COVID-19: ¿en qué estamos fallando?
Apenas diez meses después del conocimiento de los primeros casos de COVID-19, resulta impresionante ver cómo ha cambiado nuestra vida en tan poco tiempo. Lo que entonces parecía ser una noticia exótica ha acabado convirtiéndose en la amenaza más preocupante para la salud pública de los últimos cien años. Nuestra falta de experiencia en gestión de estas crisis explica, sin duda, que la primera ola del nuevo coronavirus provocara un resultado devastador. Lo que ya no se entiende tan bien es que meses después la situación no parezca mejorar sustancialmente. Es cierto que nuestros profesionales sanitarios han conseguido mejorar la respuesta a la enfermedad desde un punto de vista clínico, pero en lo que se refiere a la gestión de la pandemia como tal, nuestros avances son decepcionantes. Es probable que esto se deba a múltiples factores. Ignacio López-Goñi y Juan Ignacio Pérez Iglesias, dos mentes lúcidas, las han descrito de manera convincente en un reciente artículo en The Conversation.

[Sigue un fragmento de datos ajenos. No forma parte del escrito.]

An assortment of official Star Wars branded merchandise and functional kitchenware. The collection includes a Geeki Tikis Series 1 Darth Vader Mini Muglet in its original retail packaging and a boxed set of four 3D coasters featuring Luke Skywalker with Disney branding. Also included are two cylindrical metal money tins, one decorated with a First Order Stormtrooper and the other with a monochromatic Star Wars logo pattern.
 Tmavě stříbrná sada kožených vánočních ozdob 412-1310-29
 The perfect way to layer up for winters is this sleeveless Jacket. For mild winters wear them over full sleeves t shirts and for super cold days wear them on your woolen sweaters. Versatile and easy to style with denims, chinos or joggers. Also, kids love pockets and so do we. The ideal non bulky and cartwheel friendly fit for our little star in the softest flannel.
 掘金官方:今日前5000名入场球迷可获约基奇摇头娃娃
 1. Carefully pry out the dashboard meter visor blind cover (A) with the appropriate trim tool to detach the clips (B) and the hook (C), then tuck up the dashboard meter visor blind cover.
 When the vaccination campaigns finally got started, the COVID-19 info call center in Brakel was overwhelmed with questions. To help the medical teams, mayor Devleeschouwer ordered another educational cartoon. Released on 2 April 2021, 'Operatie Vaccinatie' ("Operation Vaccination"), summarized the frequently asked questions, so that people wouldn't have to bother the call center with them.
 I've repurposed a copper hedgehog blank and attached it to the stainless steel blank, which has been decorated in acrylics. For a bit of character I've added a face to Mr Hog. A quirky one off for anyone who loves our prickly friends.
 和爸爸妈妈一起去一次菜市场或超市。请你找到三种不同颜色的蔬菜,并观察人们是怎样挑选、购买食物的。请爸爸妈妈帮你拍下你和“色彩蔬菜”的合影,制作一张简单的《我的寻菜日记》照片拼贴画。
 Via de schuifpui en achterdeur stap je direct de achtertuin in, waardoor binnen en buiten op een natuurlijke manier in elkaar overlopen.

Creo, con todo, que en los diez puntos que componen su análisis falta una pieza esencial, que permite poner en duda la utilidad de los postulados básicos del paradigma de vigilancia y respuesta epidemiológica vigente. Y es que, como es ya sobradamente conocido (menudo máster en epidemiología doméstica hemos hecho en estos meses), los manuales de respuesta a una pandemia se basan en una estrategia sencilla: identificar los infectados y sus contactos próximos y someterlos a aislamiento o cuarentena para cortar las cadenas de transmisión del virus. Hay, por tanto, dos elementos clave para conseguir el fin que se persigue: implementar unas herramientas eficientes de rastreo que permitan localizar los contagios y diseñar un sistema de control y seguimiento de aislamiento y cuarentena que aseguren que, efectivamente, se neutraliza su peligrosidad. ¿Esto está funcionando?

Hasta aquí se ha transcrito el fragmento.